◆ EXERCISE ◆
Beginning with the line that holds "Ботафого - Интернасьонал: обзор", copy each line to the end of the records exactly, except the pictures.

RECORDS TO USE: Begin

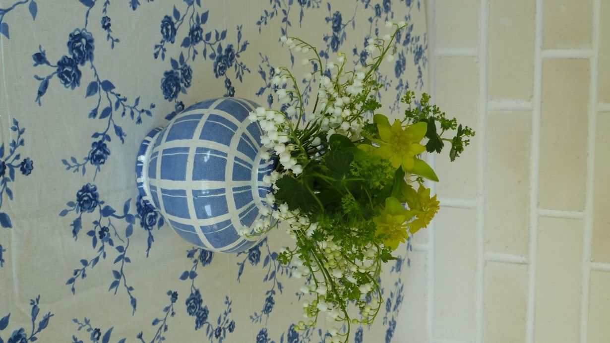 Lapsuudenkodista äidin minulle antama vanha käsinmaalattu keraaminen maljakko, 1950-luvulla saatu kummitätini perintöä,klassisen kaunis ajasta aikaan.
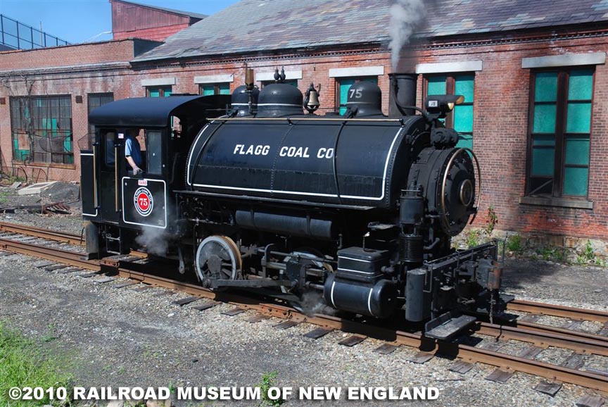 This may be a first for the RR Museum of New England / Naugatuck Valley Railroad. Flagg Coal Co. #75 has been visiting for a little over a week and will be pulling 4 excursions per day starting at 10AM tomorrow through 4PM Monday.
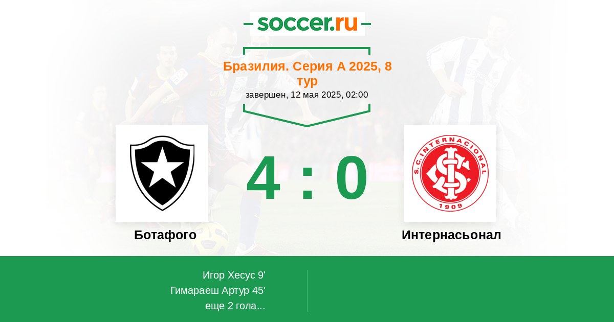 Ботафого - Интернасьонал: обзор матча 12 мая 2025
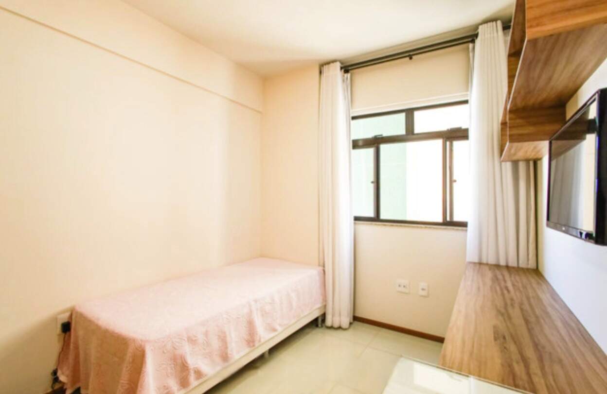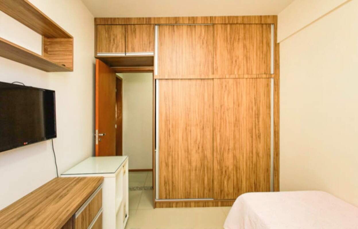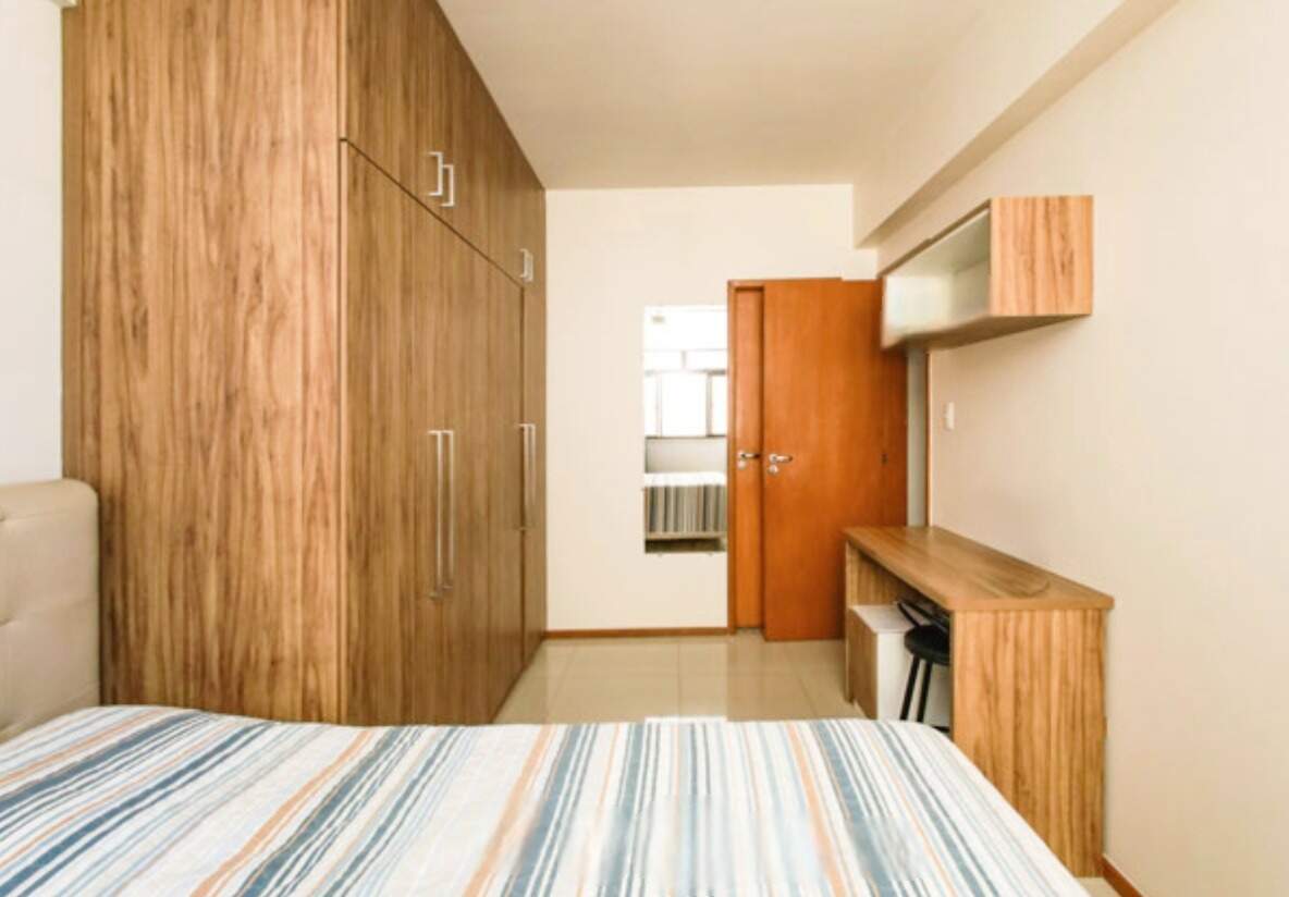 São dois quartos, sendo uma suíte. Ambos são espaçosos, bem iluminados e decorados com muito bom gosto. Roupeiros embutidos fornecem amplo espaço para armazenamento. A sala é para dois ambientes e conta ainda com uma varanda privada, ideal para relaxar e apreciar a vista do morro do cristo.
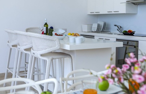 This modern and luxurious villa, furnished with almost care to feel like a home away from home, offers panoramic seafront views, a private pool, a patio with modern patio furniture, large roof top terrace and BBQ.
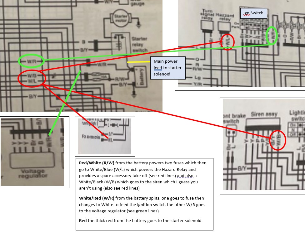 OK the below should get you started with your power supplies from the battery (apologies for it being a bit messy, didn't have a lot of time), obviously being a "P" there is a lot of extra wiring so look carefully at the diagram before connecting anything you aren't sure about

RECORDS TO USE: End

◆ YOUR SOLUTION ◆
 Ботафого - Интернасьонал: обзор матча 12 мая 2025
 São dois quartos, sendo uma suíte. Ambos são espaçosos, bem iluminados e decorados com muito bom gosto. Roupeiros embutidos fornecem amplo espaço para armazenamento. A sala é para dois ambientes e conta ainda com uma varanda privada, ideal para relaxar e apreciar a vista do morro do cristo.
 This modern and luxurious villa, furnished with almost care to feel like a home away from home, offers panoramic seafront views, a private pool, a patio with modern patio furniture, large roof top terrace and BBQ.
 OK the below should get you started with your power supplies from the battery (apologies for it being a bit messy, didn't have a lot of time), obviously being a "P" there is a lot of extra wiring so look carefully at the diagram before connecting anything you aren't sure about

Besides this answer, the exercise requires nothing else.